• [Your goal]:
Every entry must be set down exactly in the answer; no pictures should appear.

* * * * * * * * *

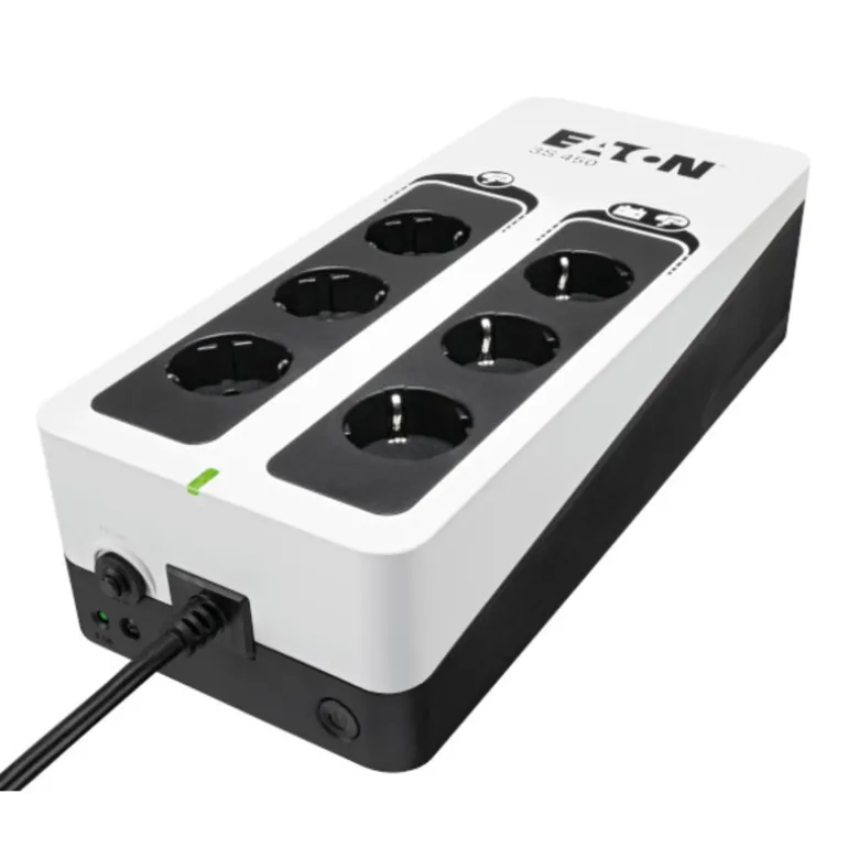 Eaton 3S450D. Topología UPS: En espera (Fuera de línea) o Standby (Offline), Capacidad de potencia de salida (VA): 450 VA, Potencia de salida: 270 W. Cantidad de salidas AC: 6 salidas AC. Tecnología de batería: Sealed Lead Acid (VRLA). Color del producto: Negro, Blanco, Longitud de cable: 1,5 m, Seguridad: IEC 62040-1; IEC 62040-2 C2; IEC 62040-3; IEC 62040-4; IEC 61643-11. Ancho: 325 mm, Profundidad: 140 mm, Altura: 86 mm
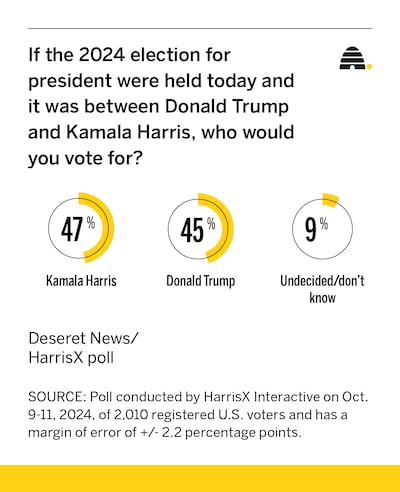 Vice President Kamala Harris holds a narrow lead over former President Donald Trump, according to the latest Deseret News/HarrisX poll.
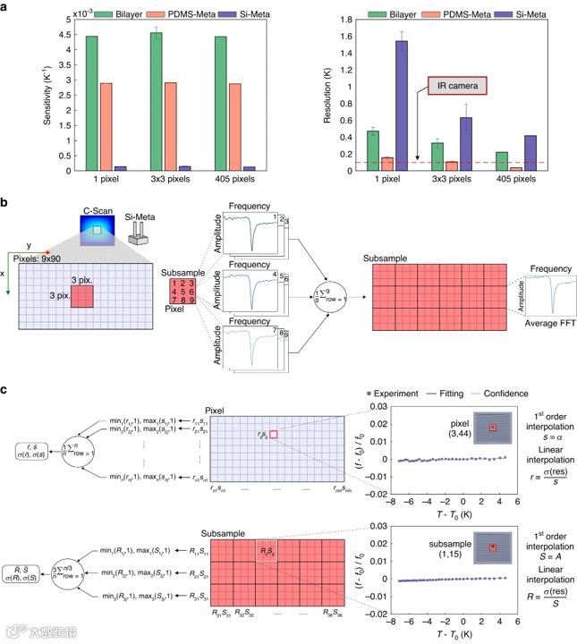 a)每像素的平均温度灵敏度和分辨率。虚线:用于医学测温的红外(IR)相机的典型分辨率(见结果:实验设计)。b)ROI定义为9×90像素(浅蓝色矩形)。子样本(粉红色正方形)包含3个 × 3像素;c)在单像素分析\((\bar{r},\bar{s})\)和子样本分析\(\ bar{r},\par{s}))中提取灵敏度和分辨率以及标准偏差的过程。
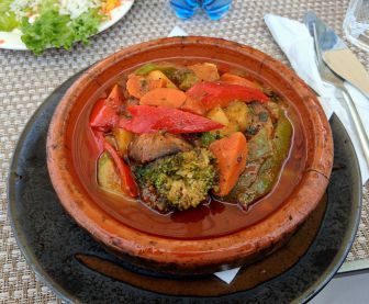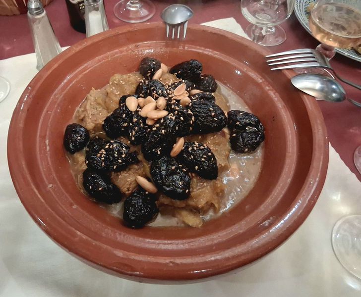 Abends essen wir im Restaurant des Campingplatzes. Es gibt eine „Ramadasuppe“, dann 2 Tajine-Gerichte und anschließend Obst. Das Ganze für jeweils 10 €.
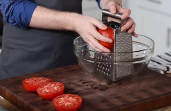 Presecite paradajz na polovine, a zatim ga izrendajte. Ostaće vam samo tanka ljuska, koja vam ovde nije potrebna.
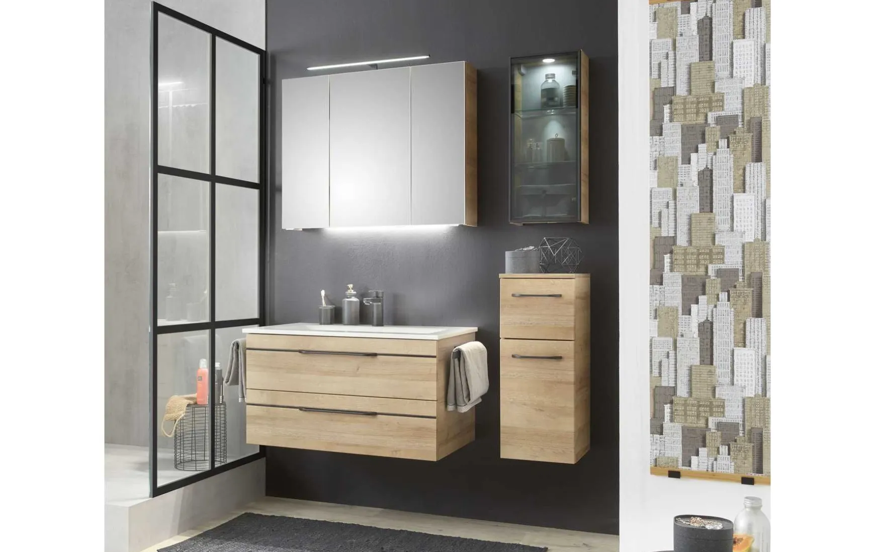 - Bestehend aus: 1x Spiegelschrank mit 3 Drehtüren, einfach verspiegelt, 6 Glaseinlegeböden, Schalter/Steckdose, B/H/T ca. 90/70,3/17 cm; 1x LED-Aufsatzleuchte in Schwarz Matt, B: ca. 60 cm; 1x Mineralmarmor-Waschtisch in weiß mit Armaturbohrung und integriertem Überlauf, B/H/T: ca. 92,5/7,6/51,2 cm; 1x Waschtisch-Unterschrank mit 2 Auszügen und Kosmetikeinsatz im oberen Auszug, B/H/T: ca. 88/48/49 cm; 1x Highboard mit 1 Auszug, 1 Drehtür (rechts angeschlagen), 1 Glaseinlegeboden, 1 Abdeckplatte, B/H/T: ca. 30/73/33 cm; 1x Vitrinen-Wandschrank mit Rauchglastür schwarz (rechts angeschlagen), 2 Glaseinlegeböden, inkl. LED-Spot mit Touchschalter, B/H/T: ca. 30/70,3/17 cm; 2x Handtuchhalter in Schwarz Matt zur Korpusmontage, 1-armig, Mindestplatzbedarf: ca. 12 cm, T: ca. 32,5 cm

* * * * * * * * *

• [Your solution]:
 Eaton 3S450D. Topología UPS: En espera (Fuera de línea) o Standby (Offline), Capacidad de potencia de salida (VA): 450 VA, Potencia de salida: 270 W. Cantidad de salidas AC: 6 salidas AC. Tecnología de batería: Sealed Lead Acid (VRLA). Color del producto: Negro, Blanco, Longitud de cable: 1,5 m, Seguridad: IEC 62040-1; IEC 62040-2 C2; IEC 62040-3; IEC 62040-4; IEC 61643-11. Ancho: 325 mm, Profundidad: 140 mm, Altura: 86 mm
 Vice President Kamala Harris holds a narrow lead over former President Donald Trump, according to the latest Deseret News/HarrisX poll.
 a)每像素的平均温度灵敏度和分辨率。虚线:用于医学测温的红外(IR)相机的典型分辨率(见结果:实验设计)。b)ROI定义为9×90像素(浅蓝色矩形)。子样本(粉红色正方形)包含3个 × 3像素;c)在单像素分析\((\bar{r},\bar{s})\)和子样本分析\(\ bar{r},\par{s}))中提取灵敏度和分辨率以及标准偏差的过程。
 Abends essen wir im Restaurant des Campingplatzes. Es gibt eine „Ramadasuppe“, dann 2 Tajine-Gerichte und anschließend Obst. Das Ganze für jeweils 10 €.
 Presecite paradajz na polovine, a zatim ga izrendajte. Ostaće vam samo tanka ljuska, koja vam ovde nije potrebna.
 - Bestehend aus: 1x Spiegelschrank mit 3 Drehtüren, einfach verspiegelt, 6 Glaseinlegeböden, Schalter/Steckdose, B/H/T ca. 90/70,3/17 cm; 1x LED-Aufsatzleuchte in Schwarz Matt, B: ca. 60 cm; 1x Mineralmarmor-Waschtisch in weiß mit Armaturbohrung und integriertem Überlauf, B/H/T: ca. 92,5/7,6/51,2 cm; 1x Waschtisch-Unterschrank mit 2 Auszügen und Kosmetikeinsatz im oberen Auszug, B/H/T: ca. 88/48/49 cm; 1x Highboard mit 1 Auszug, 1 Drehtür (rechts angeschlagen), 1 Glaseinlegeboden, 1 Abdeckplatte, B/H/T: ca. 30/73/33 cm; 1x Vitrinen-Wandschrank mit Rauchglastür schwarz (rechts angeschlagen), 2 Glaseinlegeböden, inkl. LED-Spot mit Touchschalter, B/H/T: ca. 30/70,3/17 cm; 2x Handtuchhalter in Schwarz Matt zur Korpusmontage, 1-armig, Mindestplatzbedarf: ca. 12 cm, T: ca. 32,5 cm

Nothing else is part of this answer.